A
while back, a nifty DLL called IMAGEHLP.DLL appeared from deep within
the Windows NT® team. IMAGEHLP provided APIs for reading and modifying
Portable Executable files, as well as rudimentary code for working with
debug symbols. In a nutshell, IMAGEHLP was a dumping ground for various
routines used by linkers, debuggers, and related tools. At first,
IMAGEHLP.DLL was a redistributable DLL, but eventually it became
important enough to make part of the operating system. As
time went on, IMAGEHLP's debugging and symbol management functionality
grew. Eventually, Microsoft split the executable image manipulation code
away from the symbol-related code. The resultant symbol code ended up
in DBGHELP.DLL. DBGHELP has become an official, Microsoft-endorsed
mechanism for reading all types of debug information generated by
Microsoft tools. In addition, DBGHELP knows all the tricks to walk a
call stack on multiple CPU platforms. DBGHELP.DLL encapsulates a lot of
nasty, tricky, OS and version-specific code so that you don't have to
write it yourself. Both John
Robbins (of Bugslayer fame) and I have covered features of IMAGEHLP and
DBGHELP in past columns in MSDN® Magazine. This month,
I'll cover some newly added features that take DBGHELP to a whole new
level. I've also provided a nifty class (WheatyExceptionReport) that can
be easily dropped into C++-based projects to provide a detailed crash
report, including the names and values of all local and global variables
at the time of a program crash. DBGHELP
has gone through a number of iterations. I'm using version 5.1 here,
which comes with Microsoft® Windows® XP. In the sample code for this
column, you'll absolutely need to have this latest version (which is
redistributable) for the code to run. DBGHELP
is not the only way to read debug information. The COFF and CodeView
symbol formats are documented, so you can read them directly. In
addition, there is the PDB format, which somewhat resembles CodeView®
internally. Microsoft has not documented the PDB format, but instead has
provided tool vendors with a private API for reading and writing PDB
files. More recently, Visual
Studio® .NET introduced a new format for the PDB format, which is
identified by an RSDS signature. The Debug Information Access (DIA) SDK,
which is currently supplied in Visual Studio .NET betas, can read RSDS
and earlier format files. Going forward, the DIA APIs are the official,
Microsoft-endorsed method of accessing symbolic information from
Microsoft code, both managed and unmanaged. However, the DIA APIs are
COM-based and not for the faint of heart. The
beauty of DBGHELP is that its mission in life is to protect you from
all the hassles of needing to know how to read all the various formats.

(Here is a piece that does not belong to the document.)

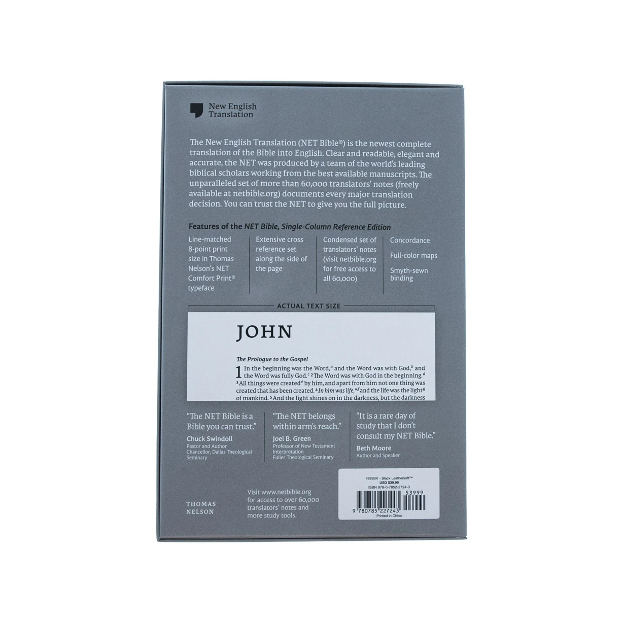 The NET Bible, Single-column Reference Edition, presents the Bible text in a stunning, line-matched single-column format, with extensive cross-references in the roomy margins. Featuring the New English Translation—the newest translation of the biblical languages into English, based on the most up-to-date manuscript discoveries and research—this cross-reference edition of the NET Bible is ideal for students, teachers, and lay-readers alike. Features include:Complete text of the transparent and accurate New English TranslationExtensive set of cross-references help reveal the connections within ScriptureAbbreviated set of NET translators’ notes (complete set of more than 60,000 notes freely available online at netbible.org)Durable Smyth-sewn binding lays flat in your hand or on your deskFull-color mapsThomas Nelson’s NET Comfort Print 8-point typeface

DBGHELP provides a nice, relatively simple API on top of a rat's nest of
symbol management and stack walking code. Having looked at both DIA and
DBGHELP, I think DBGHELP has a flatter learning curve. What's New in DBGHELP 5.1? Version
5.1 of DBGHELP.DLL offers several new sets of functions, as well as
support for the latest Visual Studio .NET debug formats. Most of the new
functions offer brand new functionality. However, a few just revise or
extend previous DBGHELP APIs to provide better functionality. All of the
old APIs are still there, so your existing code that uses DBGHELP
shouldn't break. The first detail
I noticed when examining the new features of DBGHELP 5.1 was that the
existing documentation was lacking some important information. Although
not incorrect, there were major gaps that needed to be filled before the
scope of the new functionality could be appreciated. In this column,
I'll attempt to fill in some of those gaps. To
start the tour of new DBGHELP features, consider the symbol information
obtained by older APIs such as SymGetSymFromAddr and
SymEnumerateSymbols. There's minimal information about a symbol such as
its name and address, but there's no type information whatsoever.

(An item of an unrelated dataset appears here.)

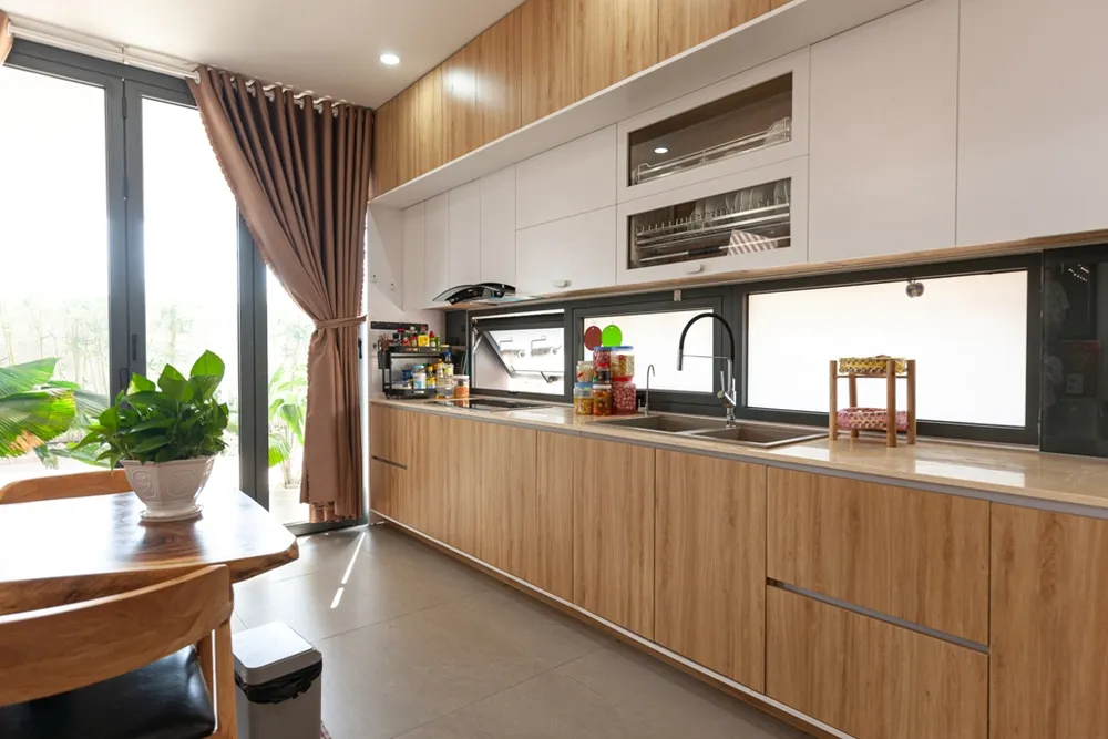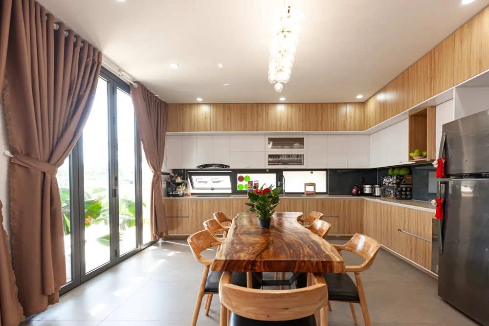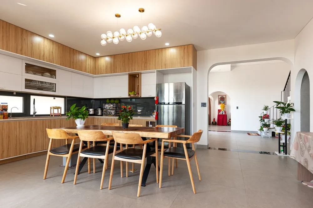 Không gian bếp và bàn ăn hướng ra khoảng cây xanh bên ngoài.

DBGHELP 5.1 introduces a much more complete and consistent way of
describing symbols. Part of the
reason for reworking the way DBGHELP works with symbols is that it now
supports local variables and parameters. Using the pre-5.1 APIs, you'd
only get symbol information for functions and variables at global scope.
The way that the CPU references locals and parameters is different from
globals, so a new, more descriptive means of describing a symbol is
needed. Another reason for
reworking the symbol support is that DBGHELP 5.1 includes partial
support for symbol types. A symbol type can be a basic type (such as an
integer or a float) or a more complex user-defined type (that is,
structures, unions, enums, and so on). Future versions of DBGHELP may
offer even more complete symbol type support. However, using the new
SYMBOL_INFO structure and some additional code, you can do things like
deconstruct all the members of a structure down to their basic types. DBGHELP
5.1 contains a few new functions for source file support. Although not
documented in the August 2001 SDK, the SymEnumSourceFiles API is self
explanatory and follows the same enumeration model as the other DBGHELP
enumeration APIs. The SymFindFileInPath API lets applications use the
standard debugger logic for locating symbol files. It's not uncommon for
an executable and its associated symbol file to be in separate
directories, so debuggers often have to go hunting around to find the
appropriate symbol files. The
next new addition to DBGHELP 5.1 relates to hunting down symbol files.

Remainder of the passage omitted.